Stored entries
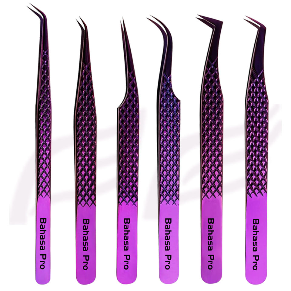 Stainless Steel Purple Eyelash Tweezers for Eyelash Extension High Quality Eyelash Extension Tweezers Set Makeup Tools
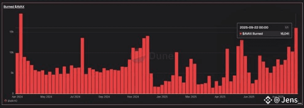 Avalanche just recorded its largest token burn week since March 2024, with more than 16,000 $AVAX permanently removed from supply through transaction fees.
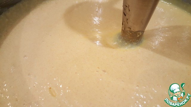 Добавить крахмал и пробить. Разогреть духовку 180*.
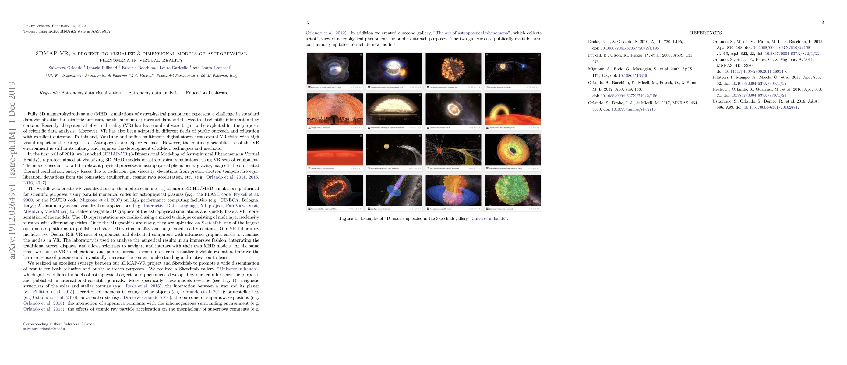This paper introduces 3DMAP-VR, a project that visualizes 3D magnetohydrodynamic models of astrophysical phenomena in virtual reality, incorporating various physical processes. The project leverages Sketchfab for broad dissemination and outreach, enhancing both scientific and public engagement.
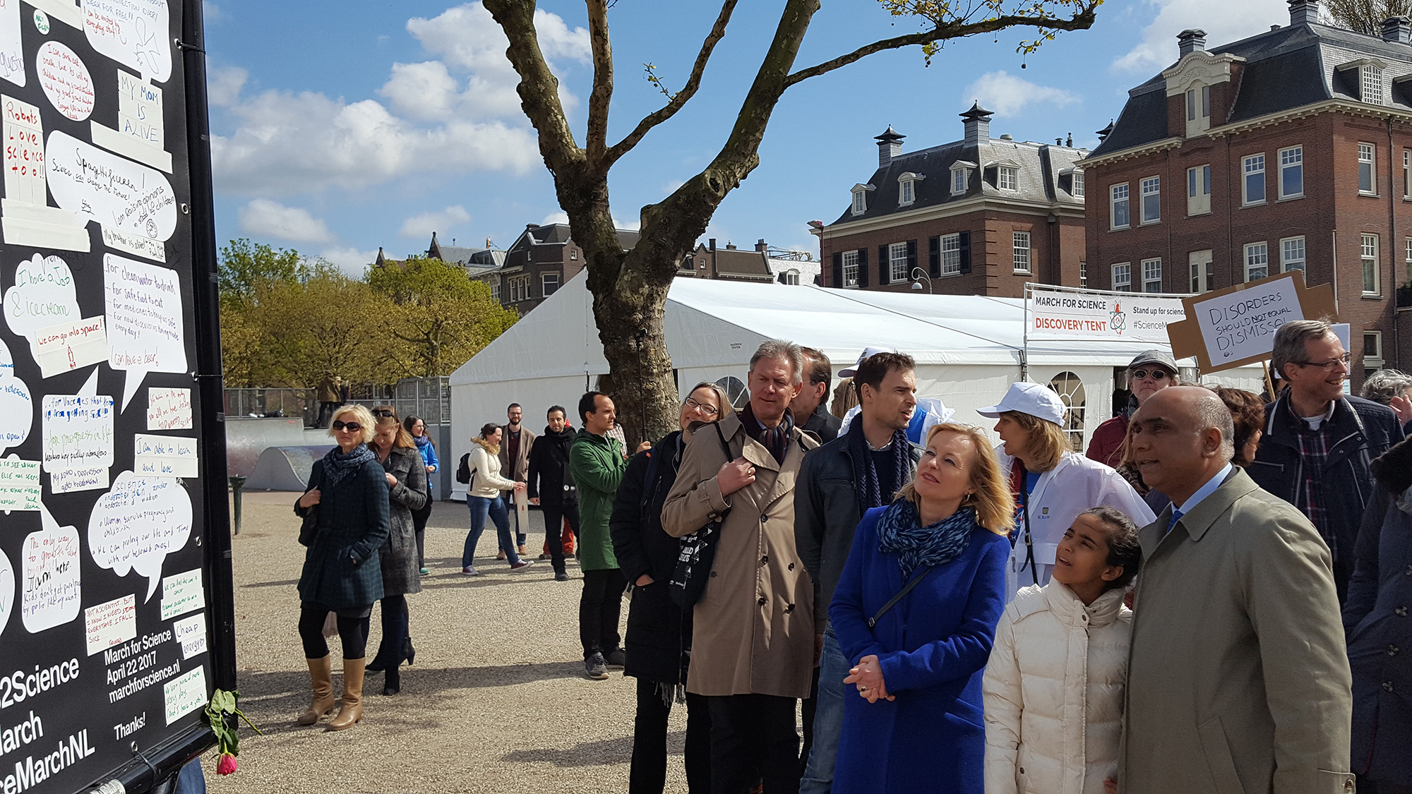 Wetenschap is ‘ook maar een mening’? Tijd om daar tegen in opstand te komen, vonden wetenschappers en hun sympathisanten in een kleine vijfhonderd steden wereldwijd. Zo ook op het Amsterdamse Museumplein, waar zaterdagmiddag drieduizend mensen op de been waren.
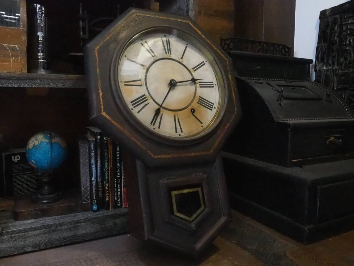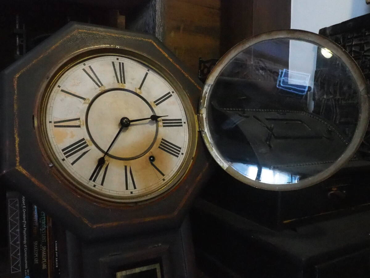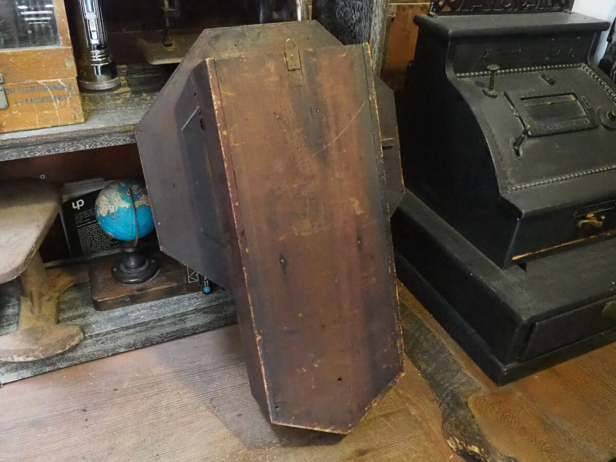 アメリカンアンティークの掘り出し物、古い八角柱時計です。
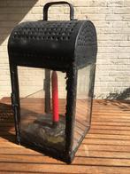 Stallantaarn; zwart geschilderd hout en glas. Bovenkant cilindervormig plaatijzer en gaten in ajour. H = 42 cm
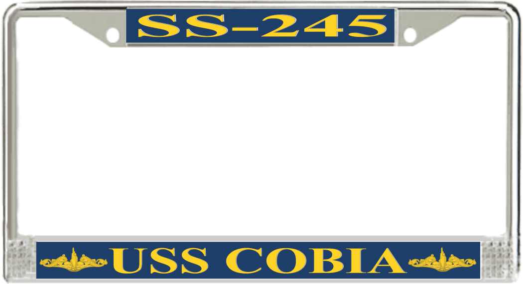 USS Cobia SS-245 License Plate Frame This USS Cobia SS-245 License Plate Frame is proudly made in the USA at our facilities in Scottsboro, Alabama. Each Frame features top and bottom sublimated design strips that are poly coated for a protective gloss finish. Please check your state and local regulations for compatibility of these frames for use on your vehicle.

**WHAT YOU NEED TO DO:**
Output nothing except the lines from the one containing "Stallantaarn; zwart geschilderd" through the final line of the entries, repeated exactly and free of pictures.

**RESPONSE:**
 Stallantaarn; zwart geschilderd hout en glas. Bovenkant cilindervormig plaatijzer en gaten in ajour. H = 42 cm
 USS Cobia SS-245 License Plate Frame This USS Cobia SS-245 License Plate Frame is proudly made in the USA at our facilities in Scottsboro, Alabama. Each Frame features top and bottom sublimated design strips that are poly coated for a protective gloss finish. Please check your state and local regulations for compatibility of these frames for use on your vehicle.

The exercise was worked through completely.